En cambio hoy en día parece que la vida de los partidos y sus reuniones congresuales se desenvuelven de forma perfectamente autónoma y por completo al margen de las circunstancias que marcan la agenda de cada legislatura, lo que demostraría hasta qué punto la dominación partitocrática se ha consolidado en detrimento del protagonismo ciudadano.
Por supuesto, como organizaciones asociativas de carácter privado los miembros de un partido pueden organizar sus congresos cuando y como quieran. Es razonable incluso que quienes han perdido las elecciones se apresten a la tarea de la renovación desde un primer momento. Pero la cuestión se hace algo más delicada cuando se trata del partido gobernante y cuando algunas de las nuevas propuestas programáticas aprobadas en el correspondiente congreso pretenden llevarse a cabo de forma inmediata. Es decir, ahora resulta que las propuestas que se les ocurren a los dirigentes del partido gobernante en cualquier momento se pueden convertir en acción de gobierno sin necesidad de ningún tipo de mediación ciudadana y sin tener que pasar por las urnas.
Ya sabíamos todos que la democracia parlamentaria se estaba convirtiendo desde hace tiempo en una mera carcasa formal tras la que se esconden las verdaderas fuerzas del poder. Asumimos incluso que el sufragio puede llegar a tener una importancia secundaria, especialmente en contextos históricos de incertidumbre o de crisis sobrevenidas que hacen inviables las propuestas electorales previamente confirmadas en las urnas y revalidadas posteriormente en el correspondiente proceso de investidura del Gobierno.

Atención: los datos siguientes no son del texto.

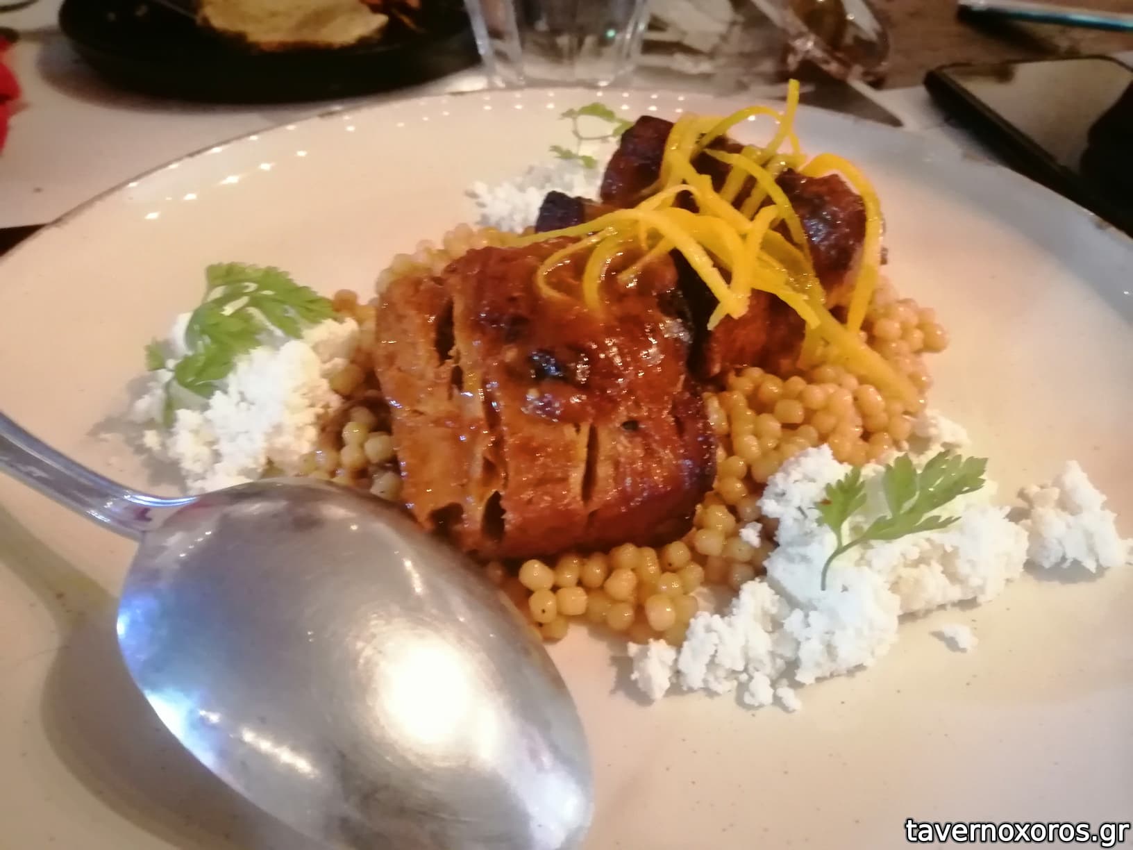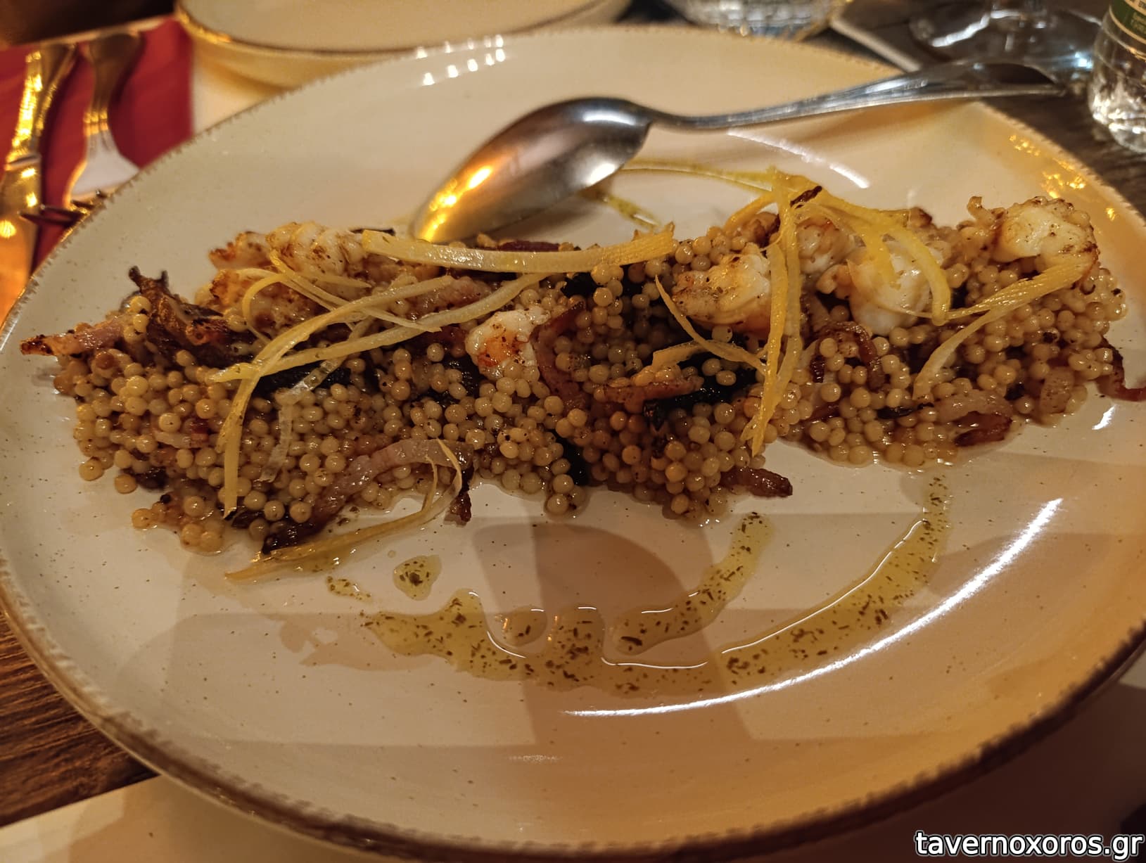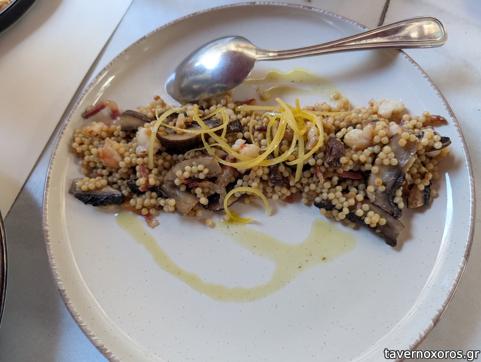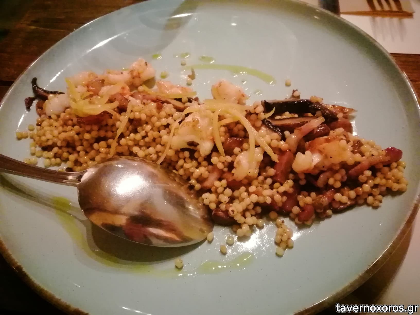 "Γλυκός τηγανητός τραχανάς με κους κους, γαρίδα, μανιτάρι και γκουανσιάλε" (καλό, δεν κατάλαβα γιατί το ονομάζει τραχανά αφού είναι κους κους)

Pero parece que el grado de autoconfianza adquirido por los partidos en el gobierno ha llegado ya hasta el extremo de dar por supuesto el correspondiente apoyo ciudadano, como si se tratara de una especie de postulado implícito. Lo que significa dar por supuesto que las propuestas estratégicas de los partidos, diseñadas en principio para competir en las elecciones, se pueden convertir directamente en actuaciones de gobierno en la medida en que van a ser asumidas por el partido gubernamental y vendidas a todos a través de su espectacular marketing mediático. Del mismo modo que cualquier empresa privada puede ofrecer, en el momento que le parezca oportuno, nuevos productos o servicios al mercado con la certidumbre de que pueden convertirse en un éxito comercial.
Naturalmente eso no quiere decir -sería demasiado- que los partidos nos consideren a los ciudadanos como si fuésemos auténticos borregos, sino más bien que la lógica de los gobiernos privados y las estrategias corporativas propias de las grandes empresas se han internalizado ya en el mismo sector público. Y por eso, del mismo modo que las empresas privadas manejan sus estudios de marketing que les sugieren el grado de aceptación de sus nuevas ofertas o el segmento social al que deben dirigirse, igualmente el Gobierno maneja sus sondeos que le indican de forma más o menos aproximada el grado de aceptabilidad de sus nuevas propuestas programáticas.
La importancia que en este contexto puede tener finalmente el voto ciudadano resultará ser muy escasa: apenas algo así como un mero requisito formal heredado de las viejas democracias burguesas del siglo XIX. Y es que definitivamente la centralidad de los parlamentos parece haber sido desplazada por la centralidad de la nueva arena mediática, cuya agenda se desenvuelve completamente al margen de las coordenadas propias de cada legislatura. La convocatoria electoral y el debate de investidura se acabarán convirtiendo en puros trámites formales, apenas hitos secundarios ante la espectacularidad del show mediático permanente. Es posible que todo esto no sea más que una nueva etapa dentro de los recurrentes procesos de "modernización" en que estamos inmersos.